### TASK TO CARRY OUT
In the entries that follow, find the line containing "Heart Toggle Bracelet" and the line containing "Гарантии молодого специалиста", then copy exactly everything from the first through the second except the pictures.
━━━ EXCERPTED DATA ━━━
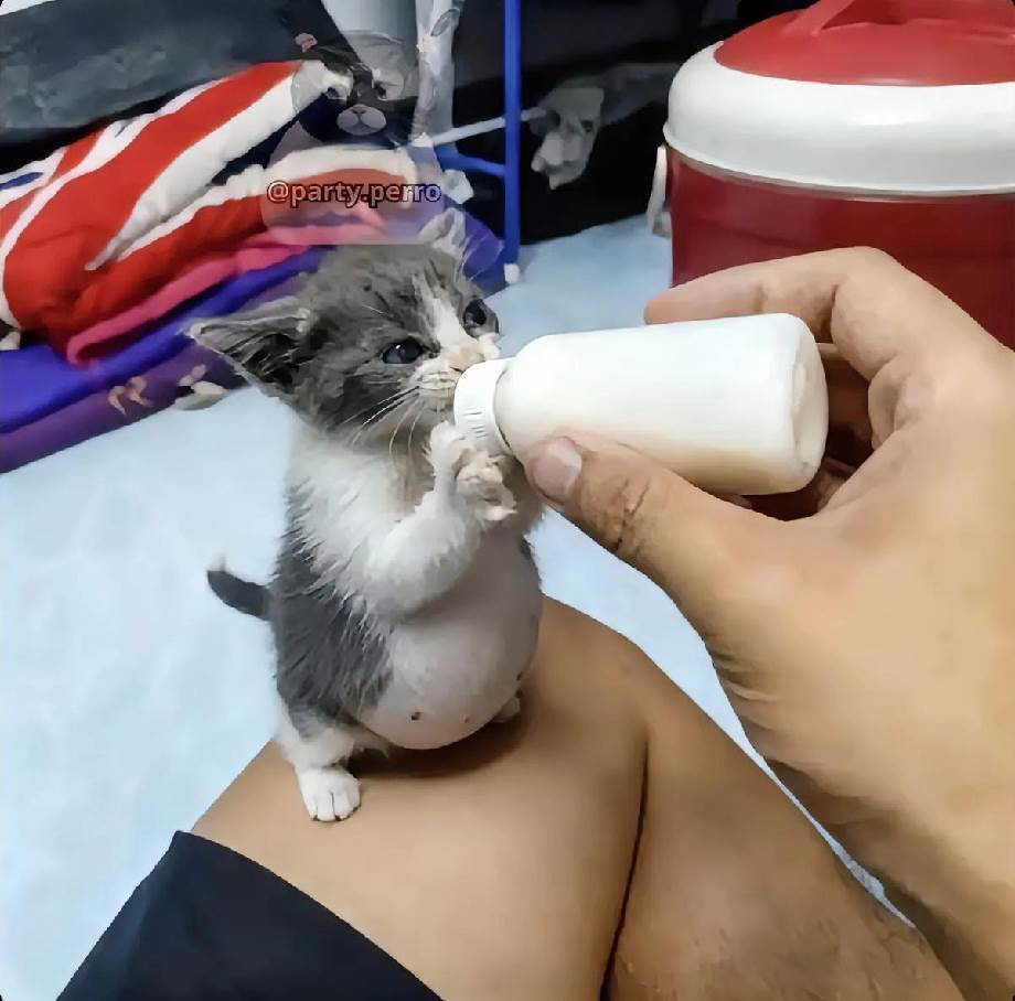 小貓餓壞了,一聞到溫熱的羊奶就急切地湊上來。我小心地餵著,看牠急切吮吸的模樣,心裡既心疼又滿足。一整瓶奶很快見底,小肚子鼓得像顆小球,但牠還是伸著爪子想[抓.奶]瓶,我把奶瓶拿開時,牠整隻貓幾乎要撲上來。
━━━
━━━ EXCERPTED DATA ━━━
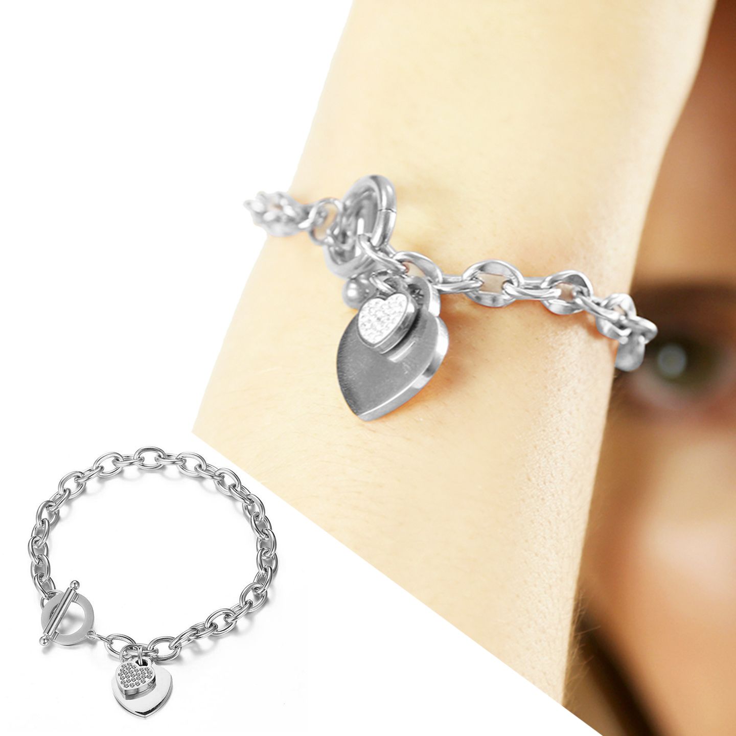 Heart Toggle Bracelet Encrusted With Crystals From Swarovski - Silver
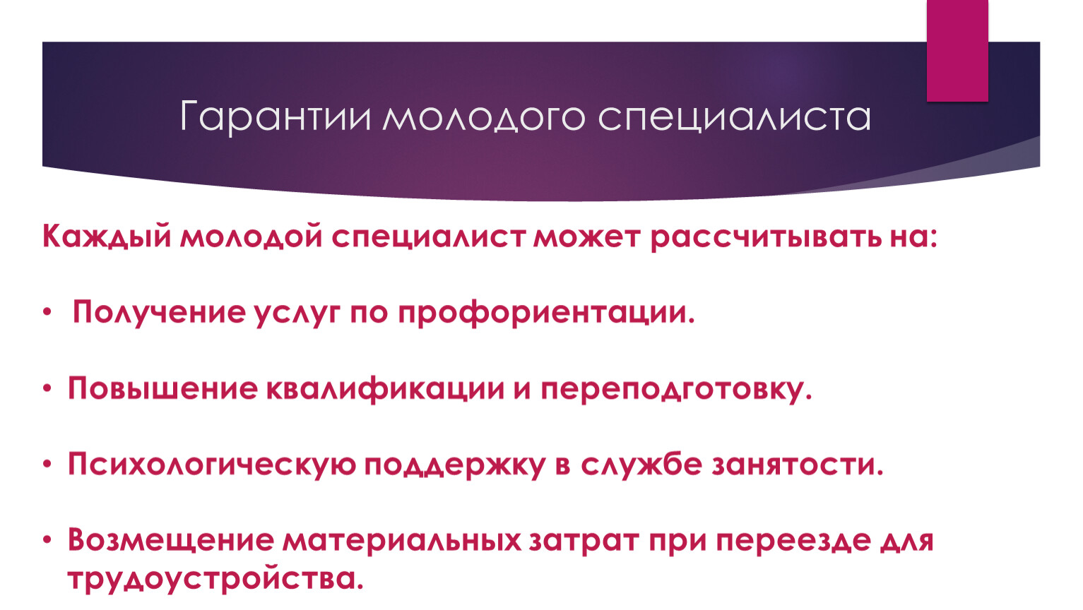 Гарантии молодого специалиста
━━━
### EXERCISE ANSWER
 Heart Toggle Bracelet Encrusted With Crystals From Swarovski - Silver
 Гарантии молодого специалиста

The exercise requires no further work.